Non, je ne regrette rien!: If only we could live up to Piaf’s motto

I heard a snippet of Edith Piaf singing “Non, je ne regette rien!” on the radio as I was driving home the other day. Boy, it steers about as close to kitsch as a song can steer while remaining on two wheels, and of course by the time we get to Piaf’s final “Aujourd’hui, ça commence avec toi,” or “all my joys begin today, with you” you can feel your heart bursting with courage. It was written for her in the 1950’s, at a time when she was up and down with drugs and fame and men, and song seemed to be a perfect metaphor for her life, as well as, it seems, the valor of the French Foreign Legion fighting in Algeria and a lot of other things the song has been associated with over the years.

And wouldn’t it be great, to regret nothing? To look back at all the smouldering car wrecks of one’s life and think: “Oh well, so be it. It was all for the best. I’d do it all over again, exactly the same way because that’s just the kind of person I am.”

In truth, when a patient comes in and starts talking about how they regret nothing I get pretty worried. There’s a not-so-fancy word for this in psychotherapy and it is “denial.” It is quite remarkable, the forms this can take.
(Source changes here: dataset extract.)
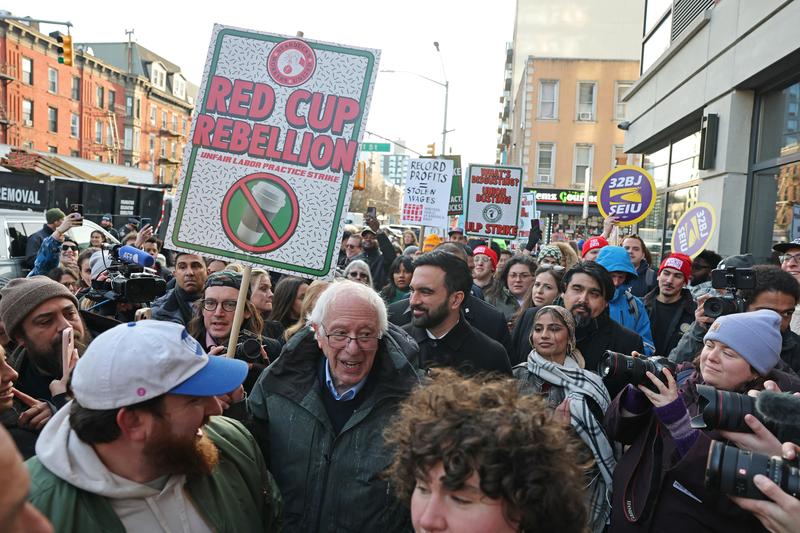 New York City Mayor-elect Zohran Mamdani (R) and US Senator Bernie Sanders (C) join striking Starbucks workers in New York on December 1, 2025.

At times, it is merely a posture, a kind of “what the hell” that masks a lot of pain. At other times, it there is a genuine split going on, a disconnect between an event, a remembered relationship perhaps, and a tangle of ambivalent feelings that float loosely around in the subconscious mind and have a way of popping back into our lives in other forms.

I have one patient who keeps telling me: “I should just start from scratch.” It’s like something out of a Beckett play. We’ll talk for awhile about his divorce and his (genuinely) abusive parents and he’ll stop and say: “I should just start from scratch.”

“Try,” I say in response. “Try starting from scratch.”

You can’t really. Go live on an island and your mind will be filled with the chatter of old arguments, unfinished business, fantasies of revenge, and regrets. Unless you are a very good meditator and let’s just admit that few of us are really good meditators.

So, if it’s impossible to “regret nothing” then how do we ever make peace with the past.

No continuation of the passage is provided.